Sunday, March 20, 2011

So what? I'm still a rockstar

When I was in 7th grade, I auditioned for Woodland Jr. High School's show choir. The auditions involved one day of learning a chereographed dance, one day of learning and singing a group number, and a third day of singing a solo.

I rocked the chereographed dance. (The dance was basically a couple jazz squares and spirit fingers to "Hello Dolly," but whatever. I nailed it.) The group number was easy too. After nine years of Primary programs, I could sing a group version of anything. I was sure I had show choir in the bag.

Then came the solo number. I chose "The Way You Love Me" by Faith Hill. Keep in mind that these auditions fell between the glory years of the boy bands (1997-2000) and my Shania Twain obsession (2002-2004). I think I hear "The Way You Love Me" once on the radio in the dentist's office, so I chose it.

My twelve-year-old heart was thumping as I got up to the microphone. I knew this. I could do it. I had sung this song a million times in my mirror and in front of my mom. This was easy, right? Wrong. As soon as I got in front of the twenty other girls, I froze. I heard the first few twangy bars coming from the tape player and I forced myself to open my mouth.

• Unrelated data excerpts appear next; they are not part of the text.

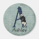 A design de decoração de casa em branco para Alice no País das Maravilhas, amantes de todas as idades, apresenta letra maiúscula / inicial A com preenchimento de harlequin preto e azul e a ilustração original do Rabbit Branco que foi pintada, em uma floral vintage angustiada e azul de escrita manual. Personalizar com nome ou outra mensagem
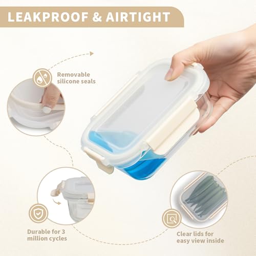 10 Pack Glass Meal Prep Containers, Food Storage Containers with Lids Airtight, Glass Storage Container Set with Lid for Food, Bpa-free, Leak-proof, Microwave Oven Freezer Dishwasher Safe creamy white
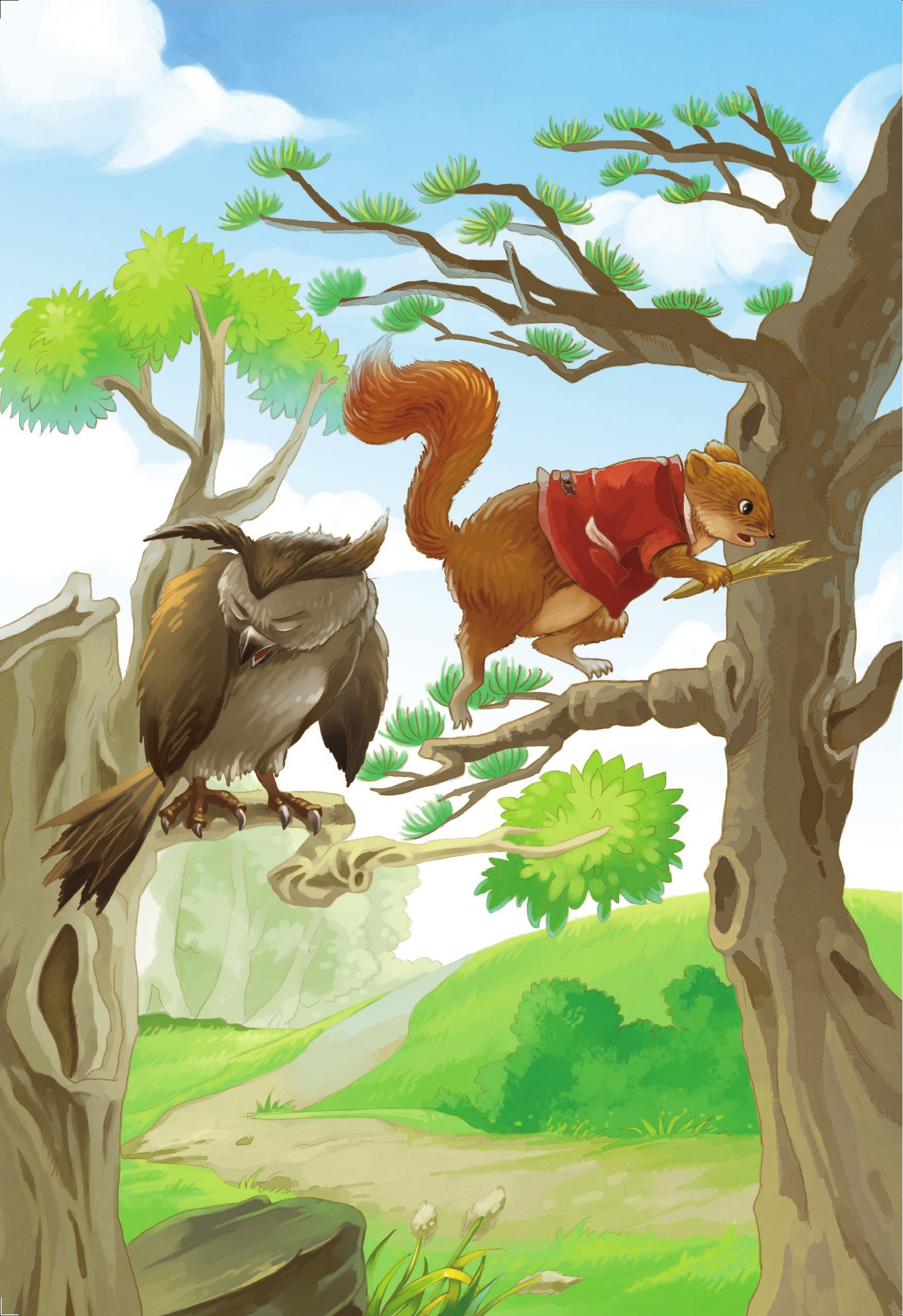 老鹰红尾巴也是一个能让红松鼠喳喳躲着走的家伙。他和鼬鼠山豆有着相似的胃口,没事儿总是惦记着抓只小松鼠来解解馋。红松鼠喳喳有好几次差一点儿就被老鹰红尾巴抓住,所以他非常害怕这个家伙。不过此刻,他正朝老鹰红尾巴打瞌睡的那棵大树玩儿命地飞奔。这又是为什么呢?原来,红松鼠喳喳看到老鹰红尾巴正在睡觉,不可能发现自己的行踪,才冒险做出了这么一个决定。红松鼠喳喳心里清楚,虽然老鹰红尾巴总惦记着吃小松鼠,然而鼬鼠山豆也是他的猎物之一。于是,红松鼠喳喳才大起胆子想出了这么一个主意。
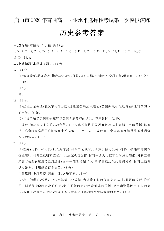 高三历史答案--河北省唐山市2026届高三下学期3月第一次模拟演练
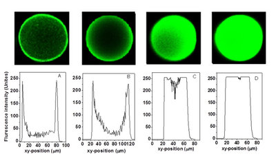 激光共聚焦显微镜图像,介质与颗粒直从左到右径依次是DEAE-FF, 97 mm,DEAE-Capto, 105 mm, DEAE-AP-120 nm, 107 mm, DEAE-AP-280 nm, 92 mm.
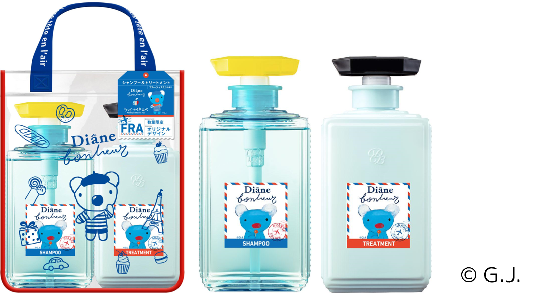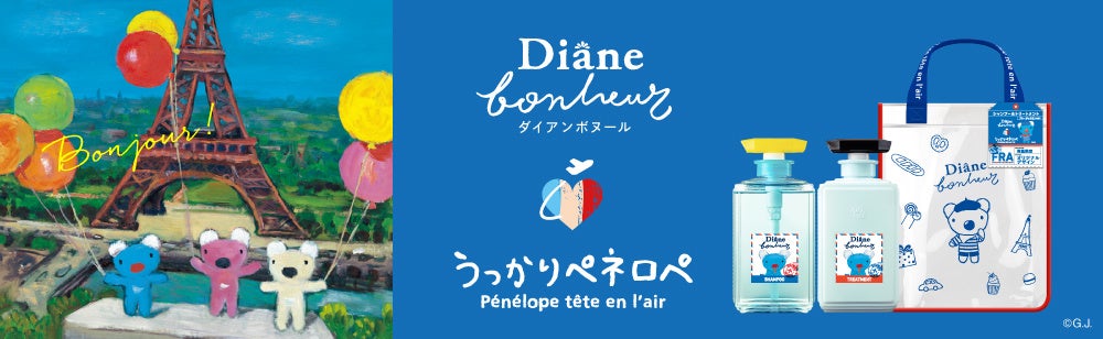 20周年を迎えたフランス生まれのキャラクター『うっかりペネロペ』とフランス・グラース産のクラフトフレグランスを使用した『ダイアンボヌール』のコラボレーションが実現しました。ペネロペがデザインされた『ダイアンボヌール ダメージリペア&シャイン シャンプー&トリートメントセット ブルージャスミンの香り』と、ちょっとしたお出かけにも使えるオリジナルデザインの特製クリアバッグがセットになって数量限定発売。また、発売に合わせ、コラボTwitterキャンペーンも開催いたします。この機会にブルージャスミンの香りとともに愛らしいペネロペに夢中になってください。
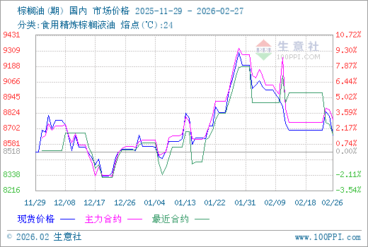 据生意社商品行情分析系统显示:2月棕榈油行情走弱,价格振荡下行,跌幅超5%。月初,棕榈油市场均价9196元/吨,2月27日,棕榈油市场均价8800元/吨,下跌5.76%。

"If I could grant you one wish, I wish you could see the way you kiss," I whispered in the microphone, awkwardly swaying with the music. I think this was around the time the absurdity of my song choice struck me. I hadn't even hugged a boy and now I was singing about kissing one? I pushed forward, but my voice never really increased in volume.

All the other girls looked at each other and smirked. My choir teacher put her hand to her ear in the international symbol for "I don't care how good you were at the chereographed dance, if you don't get your crap together and sing there is no way I'm letting you in show choir." I struggled through the next two minutes of the song and people politely clapped. I ran back to my seat and hung my head in shame until my mom came to pick me up.

Needless to say, I didn't make it.

Ever since then, though I've had this unstoppable dream of becoming a rockstar. I've sung karaoke and I'm a mean singer in Rock Band, but they have not quenched my desire to sing in front of a thousand screaming fans. I can see myself up there, running up and down the stage, touching my fans' adoring hands, punching the air and letting the crowd sing the lyrics. Maybe even smashing a guitar.

Hayley Williams is my idol.

1 comment:

  1. It was a turning point! Have you ever thought about how different the next five years could have been if you had made it? I think it was for the best that you didn't.